Could you retype exactly the line containing "Qui sotto trovate" and every line after it in the data below, leaving out the pictures?

◆ **Data extract**:
·····

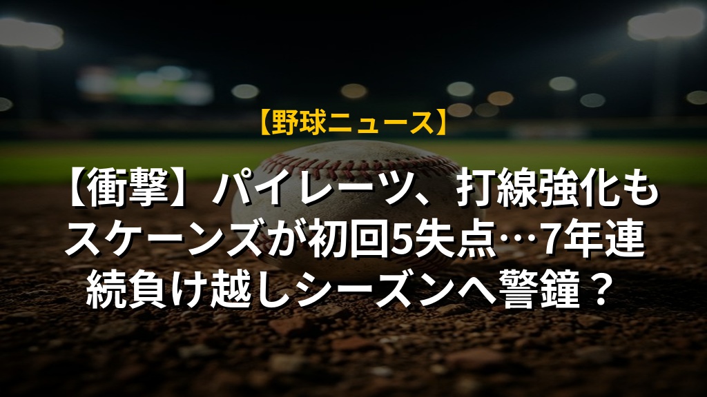 【衝撃】パイレーツ、打線強化もスケーンズが初回5失点…7年連続負け越しシーズンへ警鐘?
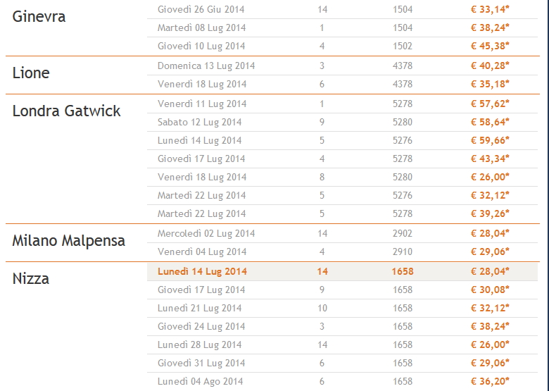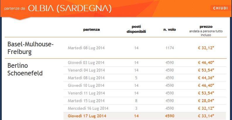Qui sotto trovate gli screenshot dagli aeroporti di partenza di Cagliari,Alghero e Olbia mentre nel link trovate tutti gli altri aeroporti nazionali tra cui Roma e Milano.
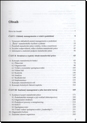 Kniha vymezuje témata, pojmy a úkoly managementu, strukturu a obsah manažerské práce, podrobně se věnuje jednotlivým manažerským funkcím a podává úplný přehled směrů současného managementu a také řadu doporučení, jak uplatňovat nástroje moderního managementu v podmínkách nepřetržitých kritických změn. Je proto vhodná jak pro praxi, tak i pro studenty a účastníky různých manažerských kursů.

·····

◆ **Exercise response**:
Qui sotto trovate gli screenshot dagli aeroporti di partenza di Cagliari,Alghero e Olbia mentre nel link trovate tutti gli altri aeroporti nazionali tra cui Roma e Milano.
 Kniha vymezuje témata, pojmy a úkoly managementu, strukturu a obsah manažerské práce, podrobně se věnuje jednotlivým manažerským funkcím a podává úplný přehled směrů současného managementu a také řadu doporučení, jak uplatňovat nástroje moderního managementu v podmínkách nepřetržitých kritických změn. Je proto vhodná jak pro praxi, tak i pro studenty a účastníky různých manažerských kursů.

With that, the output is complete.